- Born: Harry Alvin Duncan April 19, 1916 Keokuk, Iowa, United States
- Died: April 18, 1997 (aged 80) Omaha, Nebraska, United States
- Occupations: Poet, Printer, Publisher, Librettist, Translator
- Spouse: Nancy Duncan
- Children: Guy Duncan Barnaby Duncan Lucy Elizabeth Duncan
- Writing career
- Genres: American poetry Letterpress printing

= Harry Duncan (publisher) =

Harry Alvin Duncan (April 19, 1916 – April 18, 1997) was a hand-press printer, author, librettist, translator, and publisher under his imprint the Cummington Press. He was known for publishing early works by Robert Lowell, Tennessee Williams, Wallace Stevens, Allen Tate, Marianne Moore, William Logan, Stephen Berg, and Dana Gioia. A 1982 Newsweek article about the rebirth of the hand press movement said that Duncan was "considered the father of the post-World War II private-press movement."

== Career ==
Harry Duncan was born in Keokuk, Iowa and earned a bachelor's degree in English in 1938 from Grinnell College intending to become a poet. He enrolled in the English graduate program at Duke University, but never completed his master's degree. During graduate school he spent summers at Katherine Frazier's Cummington School of the Arts. While in Massachusetts he began publishing books of contemporary poetry using a hand press. He eventually chose to focus on letterpress printing instead of a graduate degree. The first Cummington Press book was published in 1939.

Duncan became director of the typographical laboratory at the University of Iowa's School of Journalism and moved the Cummington Press to Iowa City in 1956. In 1972, he moved to the University of Nebraska at Omaha (UNO) and began the university's fine arts press, Abattoir Editions, and taught. He retired from teaching in 1985 and returned to printing books full-time under the Cummington Press imprint.
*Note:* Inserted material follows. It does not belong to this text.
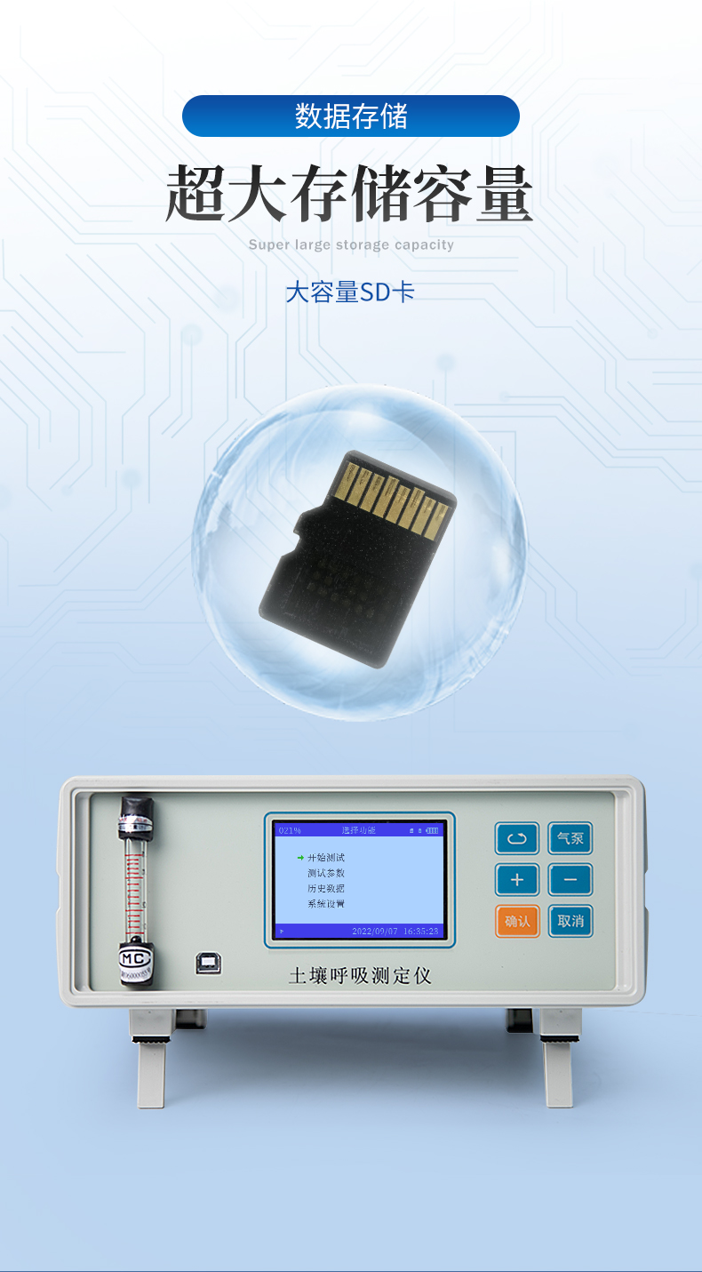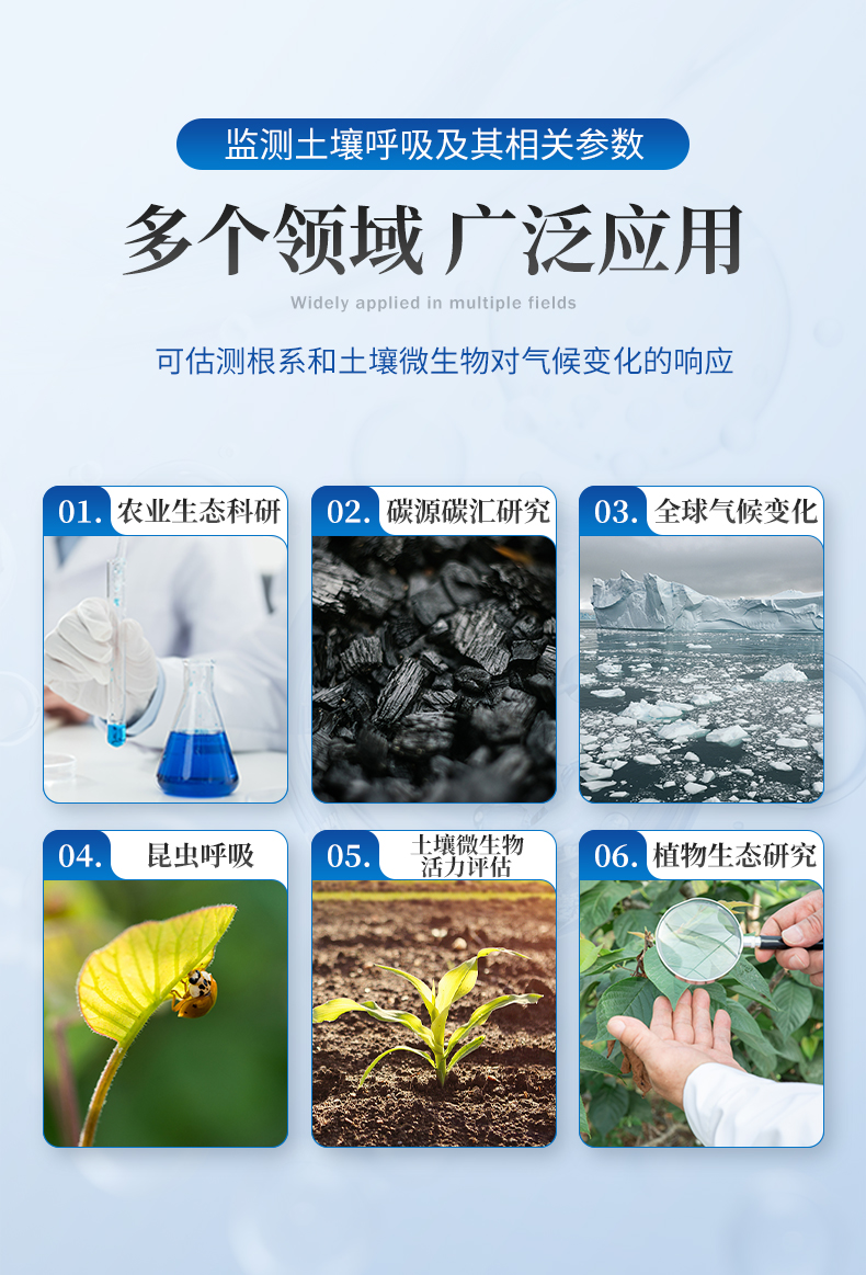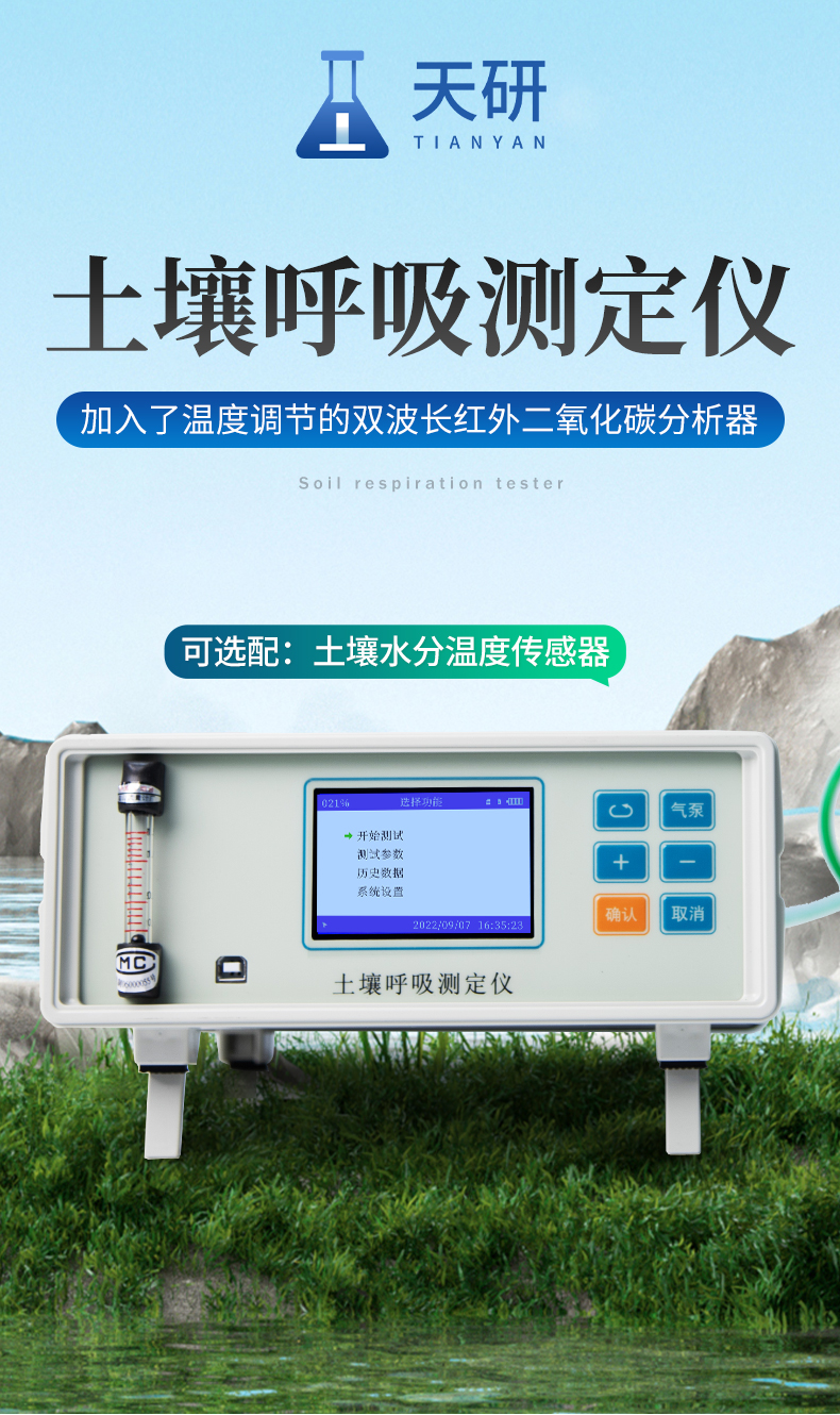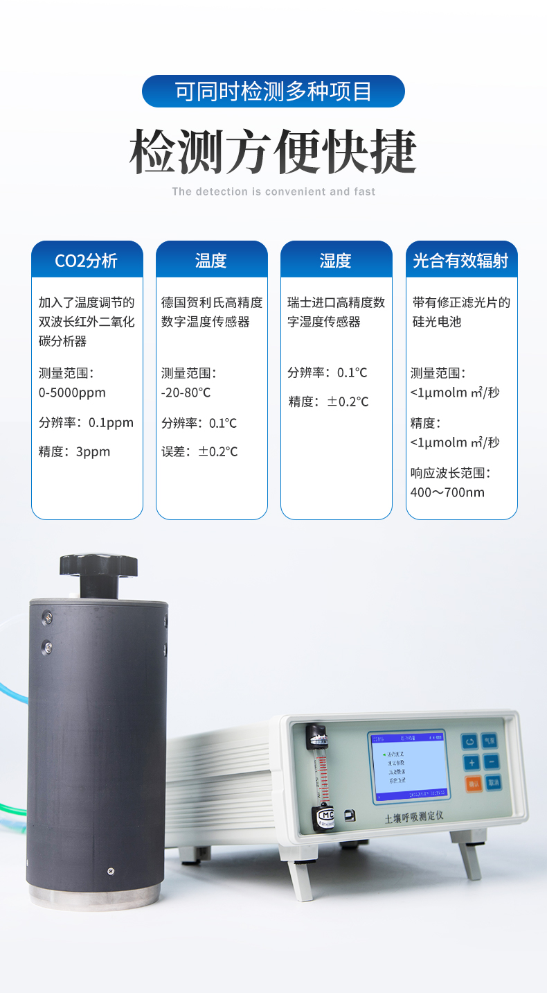 土壤呼吸是土壤生态系统碳素循环的一个重要过程,是土壤碳素同化异化平衡作用的结果,也是碳素由陆地生态系统返回大气的主要途径,是土壤中生命活动的表征,准确测定其释放量是评价生态系统中生物学过程的关键;通过对土壤呼吸及其相关参数的监测,可估测根系和土壤微生物对气候变化的响应。土壤CO2通量在时间和空间上受多种复杂物理和生物过程影响,长期、连续、准确的测量土壤碳通量,对陆地生态系统碳通量研究具有重要的意义。土壤呼吸测定仪可以同时显示呼吸室内部的CO2浓度、温度和湿度变化以及外部光合有效辐射强度。广泛应用于农业生态科研、碳源碳汇研究、全球气候变化、土地利用方式改变、生态修复研究、土壤微生物活力评估、植物生态研究、昆虫呼吸、根系呼吸以及水果贮藏。 产品适用于农业农村局、高校、科研院所、水利局、环保局、企事业单位。

Duncan died on April 18, 1997, in Omaha, Nebraska.

Marking the centenary of his birth, the Fall 2016 issue of Parenthesis included a portrait of Harry Duncan on its cover along with three articles by or about Duncan: the text of his talk "New England Novitiate," "An Apprentice's Story" by Juan Nicanor Pascoe, and "A Checklist of Printed Work, 1939-1997" by Michael Peich and Denise Brady.